• Exercise requirements
Return all of the listing word for word; the pictures stay out.

• Data
____
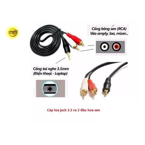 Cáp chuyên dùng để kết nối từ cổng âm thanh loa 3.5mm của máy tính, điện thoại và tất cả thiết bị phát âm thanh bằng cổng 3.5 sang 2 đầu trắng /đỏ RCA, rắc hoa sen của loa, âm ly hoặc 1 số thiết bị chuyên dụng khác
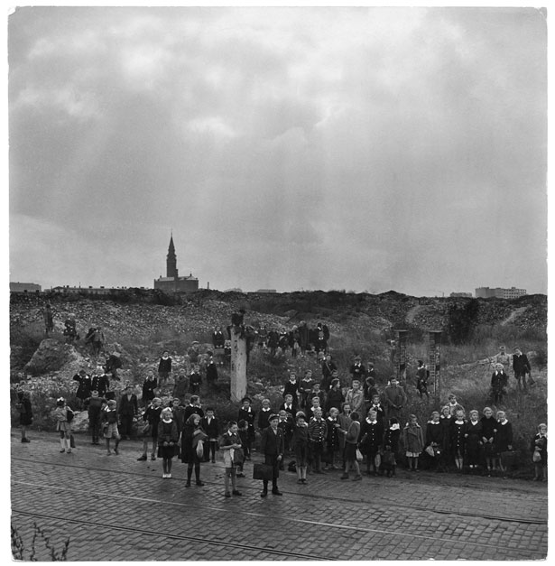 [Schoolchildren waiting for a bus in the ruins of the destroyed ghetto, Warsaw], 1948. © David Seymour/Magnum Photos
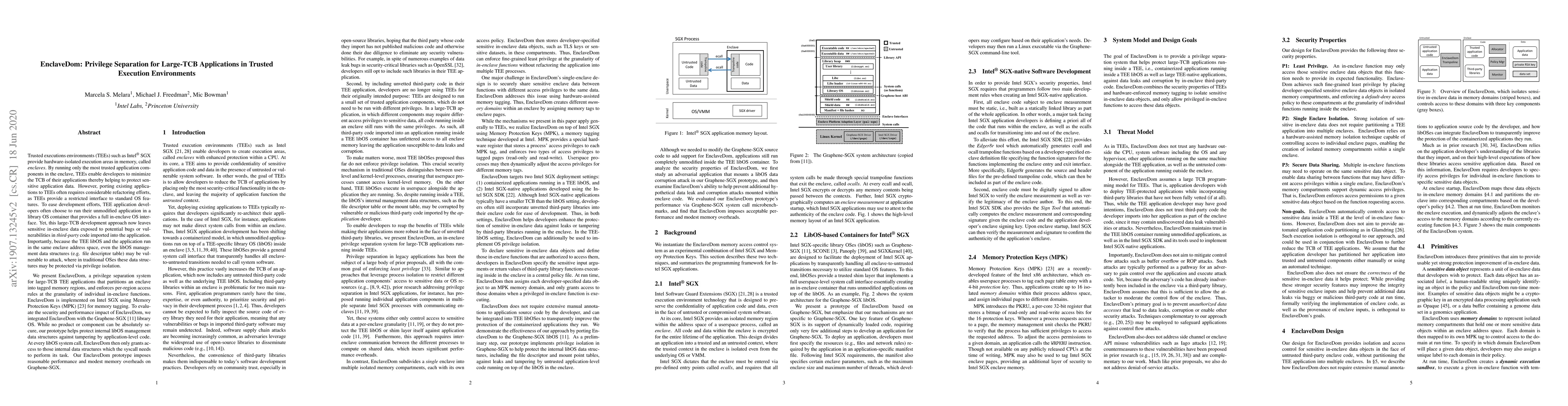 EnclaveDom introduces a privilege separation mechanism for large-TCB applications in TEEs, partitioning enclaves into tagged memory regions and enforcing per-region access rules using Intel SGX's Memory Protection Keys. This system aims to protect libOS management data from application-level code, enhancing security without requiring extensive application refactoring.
____
• Answer area
 Cáp chuyên dùng để kết nối từ cổng âm thanh loa 3.5mm của máy tính, điện thoại và tất cả thiết bị phát âm thanh bằng cổng 3.5 sang 2 đầu trắng /đỏ RCA, rắc hoa sen của loa, âm ly hoặc 1 số thiết bị chuyên dụng khác
 [Schoolchildren waiting for a bus in the ruins of the destroyed ghetto, Warsaw], 1948. © David Seymour/Magnum Photos
 EnclaveDom introduces a privilege separation mechanism for large-TCB applications in TEEs, partitioning enclaves into tagged memory regions and enforcing per-region access rules using Intel SGX's Memory Protection Keys. This system aims to protect libOS management data from application-level code, enhancing security without requiring extensive application refactoring.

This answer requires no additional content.